YOUR INSTRUCTIONS: In the listing below, find the line containing "雅安交建集團無水港物流有限責" and the line containing "左視點(diǎn)Leye和". Repeat exactly those two lines and every line between them.

INPUT DATA:

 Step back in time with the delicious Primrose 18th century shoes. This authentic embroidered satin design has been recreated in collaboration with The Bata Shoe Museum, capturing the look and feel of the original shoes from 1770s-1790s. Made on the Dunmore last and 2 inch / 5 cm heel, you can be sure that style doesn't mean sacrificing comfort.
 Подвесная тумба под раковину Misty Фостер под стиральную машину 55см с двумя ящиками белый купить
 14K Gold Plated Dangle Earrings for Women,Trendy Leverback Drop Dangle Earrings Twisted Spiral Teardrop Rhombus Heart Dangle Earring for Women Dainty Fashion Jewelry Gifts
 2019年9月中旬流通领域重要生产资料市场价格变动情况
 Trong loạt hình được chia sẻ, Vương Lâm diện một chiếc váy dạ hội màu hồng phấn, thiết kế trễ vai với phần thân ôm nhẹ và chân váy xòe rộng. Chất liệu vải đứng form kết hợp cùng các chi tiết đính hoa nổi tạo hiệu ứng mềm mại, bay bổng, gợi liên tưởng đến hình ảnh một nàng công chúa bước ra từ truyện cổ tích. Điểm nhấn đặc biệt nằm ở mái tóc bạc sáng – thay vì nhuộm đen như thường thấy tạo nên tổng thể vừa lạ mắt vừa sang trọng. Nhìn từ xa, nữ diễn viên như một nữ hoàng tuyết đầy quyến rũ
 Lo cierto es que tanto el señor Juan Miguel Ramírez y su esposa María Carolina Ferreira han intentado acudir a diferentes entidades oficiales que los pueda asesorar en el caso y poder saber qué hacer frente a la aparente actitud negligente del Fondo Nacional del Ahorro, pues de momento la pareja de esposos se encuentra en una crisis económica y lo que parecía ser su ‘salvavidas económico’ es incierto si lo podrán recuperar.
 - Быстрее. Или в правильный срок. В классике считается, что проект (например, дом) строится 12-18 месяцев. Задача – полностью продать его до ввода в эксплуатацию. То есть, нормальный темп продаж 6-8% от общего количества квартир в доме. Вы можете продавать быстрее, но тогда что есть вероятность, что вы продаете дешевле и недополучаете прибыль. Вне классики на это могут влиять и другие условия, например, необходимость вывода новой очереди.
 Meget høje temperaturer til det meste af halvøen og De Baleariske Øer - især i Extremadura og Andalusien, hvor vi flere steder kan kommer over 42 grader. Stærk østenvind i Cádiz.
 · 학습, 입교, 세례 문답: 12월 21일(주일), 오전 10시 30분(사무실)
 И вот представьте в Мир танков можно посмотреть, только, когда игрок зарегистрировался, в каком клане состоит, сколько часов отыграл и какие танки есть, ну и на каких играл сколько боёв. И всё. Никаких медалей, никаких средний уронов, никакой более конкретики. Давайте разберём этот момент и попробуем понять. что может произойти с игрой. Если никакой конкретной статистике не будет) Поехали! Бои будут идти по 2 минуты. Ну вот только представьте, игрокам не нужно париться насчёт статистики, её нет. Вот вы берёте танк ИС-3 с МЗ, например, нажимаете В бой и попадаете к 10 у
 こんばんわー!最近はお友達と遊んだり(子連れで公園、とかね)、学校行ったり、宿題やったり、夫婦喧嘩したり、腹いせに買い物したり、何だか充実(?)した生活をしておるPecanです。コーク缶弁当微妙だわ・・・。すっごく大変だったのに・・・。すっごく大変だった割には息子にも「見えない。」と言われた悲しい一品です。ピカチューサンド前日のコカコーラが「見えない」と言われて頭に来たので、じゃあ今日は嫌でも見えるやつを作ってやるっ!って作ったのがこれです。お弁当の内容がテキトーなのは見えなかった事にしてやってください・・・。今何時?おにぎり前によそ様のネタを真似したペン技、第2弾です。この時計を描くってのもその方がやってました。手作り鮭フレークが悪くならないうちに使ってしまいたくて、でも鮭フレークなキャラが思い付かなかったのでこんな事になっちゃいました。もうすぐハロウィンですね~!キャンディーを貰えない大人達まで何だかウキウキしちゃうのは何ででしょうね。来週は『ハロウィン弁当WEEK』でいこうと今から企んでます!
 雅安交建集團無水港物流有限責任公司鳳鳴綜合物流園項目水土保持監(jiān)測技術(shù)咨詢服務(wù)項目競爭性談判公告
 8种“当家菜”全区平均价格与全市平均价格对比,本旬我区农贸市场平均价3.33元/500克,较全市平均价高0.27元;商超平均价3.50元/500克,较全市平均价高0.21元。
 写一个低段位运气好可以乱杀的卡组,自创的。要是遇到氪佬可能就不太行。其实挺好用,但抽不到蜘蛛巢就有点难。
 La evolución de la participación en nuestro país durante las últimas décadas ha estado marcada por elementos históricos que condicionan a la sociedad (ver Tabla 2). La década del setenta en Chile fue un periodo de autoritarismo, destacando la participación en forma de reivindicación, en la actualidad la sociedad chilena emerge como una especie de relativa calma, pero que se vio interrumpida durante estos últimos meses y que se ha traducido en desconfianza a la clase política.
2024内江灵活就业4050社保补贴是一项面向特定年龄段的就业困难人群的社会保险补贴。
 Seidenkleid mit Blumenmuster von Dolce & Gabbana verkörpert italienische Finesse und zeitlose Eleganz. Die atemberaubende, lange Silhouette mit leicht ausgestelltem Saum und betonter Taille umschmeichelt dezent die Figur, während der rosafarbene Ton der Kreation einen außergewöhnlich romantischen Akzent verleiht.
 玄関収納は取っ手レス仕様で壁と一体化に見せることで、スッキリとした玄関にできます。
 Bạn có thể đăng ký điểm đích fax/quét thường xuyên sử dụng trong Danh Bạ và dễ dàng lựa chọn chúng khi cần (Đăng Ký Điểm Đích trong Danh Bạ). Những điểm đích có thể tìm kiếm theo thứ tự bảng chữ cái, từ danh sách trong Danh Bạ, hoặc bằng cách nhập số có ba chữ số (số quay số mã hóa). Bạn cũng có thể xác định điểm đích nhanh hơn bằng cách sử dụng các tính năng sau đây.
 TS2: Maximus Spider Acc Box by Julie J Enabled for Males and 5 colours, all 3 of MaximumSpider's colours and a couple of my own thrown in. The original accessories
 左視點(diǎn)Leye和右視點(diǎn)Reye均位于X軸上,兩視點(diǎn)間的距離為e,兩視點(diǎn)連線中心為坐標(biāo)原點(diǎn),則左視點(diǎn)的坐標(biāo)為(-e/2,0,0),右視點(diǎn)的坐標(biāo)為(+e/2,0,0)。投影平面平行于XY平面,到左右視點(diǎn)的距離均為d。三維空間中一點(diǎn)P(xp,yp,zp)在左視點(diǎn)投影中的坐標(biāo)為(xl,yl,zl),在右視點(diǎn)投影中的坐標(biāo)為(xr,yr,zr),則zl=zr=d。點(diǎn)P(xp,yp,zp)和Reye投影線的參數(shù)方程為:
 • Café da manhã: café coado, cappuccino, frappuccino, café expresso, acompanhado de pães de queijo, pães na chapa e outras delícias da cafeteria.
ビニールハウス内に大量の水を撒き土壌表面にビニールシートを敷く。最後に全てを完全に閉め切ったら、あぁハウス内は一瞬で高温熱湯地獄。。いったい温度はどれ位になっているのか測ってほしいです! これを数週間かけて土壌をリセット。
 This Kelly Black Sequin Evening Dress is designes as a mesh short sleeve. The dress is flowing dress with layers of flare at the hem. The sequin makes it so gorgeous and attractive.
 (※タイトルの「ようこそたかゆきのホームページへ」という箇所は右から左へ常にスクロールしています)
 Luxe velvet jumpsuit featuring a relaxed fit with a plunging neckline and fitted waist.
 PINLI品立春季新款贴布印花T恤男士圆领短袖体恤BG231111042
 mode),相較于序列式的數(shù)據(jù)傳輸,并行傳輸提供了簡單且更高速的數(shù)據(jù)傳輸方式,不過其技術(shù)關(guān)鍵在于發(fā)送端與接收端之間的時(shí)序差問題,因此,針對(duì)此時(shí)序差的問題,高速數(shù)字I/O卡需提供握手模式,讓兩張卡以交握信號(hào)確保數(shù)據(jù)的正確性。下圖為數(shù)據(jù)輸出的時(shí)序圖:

RESPONSE:
 雅安交建集團無水港物流有限責任公司鳳鳴綜合物流園項目水土保持監(jiān)測技術(shù)咨詢服務(wù)項目競爭性談判公告
 8种“当家菜”全区平均价格与全市平均价格对比,本旬我区农贸市场平均价3.33元/500克,较全市平均价高0.27元;商超平均价3.50元/500克,较全市平均价高0.21元。
 写一个低段位运气好可以乱杀的卡组,自创的。要是遇到氪佬可能就不太行。其实挺好用,但抽不到蜘蛛巢就有点难。
 La evolución de la participación en nuestro país durante las últimas décadas ha estado marcada por elementos históricos que condicionan a la sociedad (ver Tabla 2). La década del setenta en Chile fue un periodo de autoritarismo, destacando la participación en forma de reivindicación, en la actualidad la sociedad chilena emerge como una especie de relativa calma, pero que se vio interrumpida durante estos últimos meses y que se ha traducido en desconfianza a la clase política.
2024内江灵活就业4050社保补贴是一项面向特定年龄段的就业困难人群的社会保险补贴。
 Seidenkleid mit Blumenmuster von Dolce & Gabbana verkörpert italienische Finesse und zeitlose Eleganz. Die atemberaubende, lange Silhouette mit leicht ausgestelltem Saum und betonter Taille umschmeichelt dezent die Figur, während der rosafarbene Ton der Kreation einen außergewöhnlich romantischen Akzent verleiht.
 玄関収納は取っ手レス仕様で壁と一体化に見せることで、スッキリとした玄関にできます。
 Bạn có thể đăng ký điểm đích fax/quét thường xuyên sử dụng trong Danh Bạ và dễ dàng lựa chọn chúng khi cần (Đăng Ký Điểm Đích trong Danh Bạ). Những điểm đích có thể tìm kiếm theo thứ tự bảng chữ cái, từ danh sách trong Danh Bạ, hoặc bằng cách nhập số có ba chữ số (số quay số mã hóa). Bạn cũng có thể xác định điểm đích nhanh hơn bằng cách sử dụng các tính năng sau đây.
 TS2: Maximus Spider Acc Box by Julie J Enabled for Males and 5 colours, all 3 of MaximumSpider's colours and a couple of my own thrown in. The original accessories
 左視點(diǎn)Leye和右視點(diǎn)Reye均位于X軸上,兩視點(diǎn)間的距離為e,兩視點(diǎn)連線中心為坐標(biāo)原點(diǎn),則左視點(diǎn)的坐標(biāo)為(-e/2,0,0),右視點(diǎn)的坐標(biāo)為(+e/2,0,0)。投影平面平行于XY平面,到左右視點(diǎn)的距離均為d。三維空間中一點(diǎn)P(xp,yp,zp)在左視點(diǎn)投影中的坐標(biāo)為(xl,yl,zl),在右視點(diǎn)投影中的坐標(biāo)為(xr,yr,zr),則zl=zr=d。點(diǎn)P(xp,yp,zp)和Reye投影線的參數(shù)方程為:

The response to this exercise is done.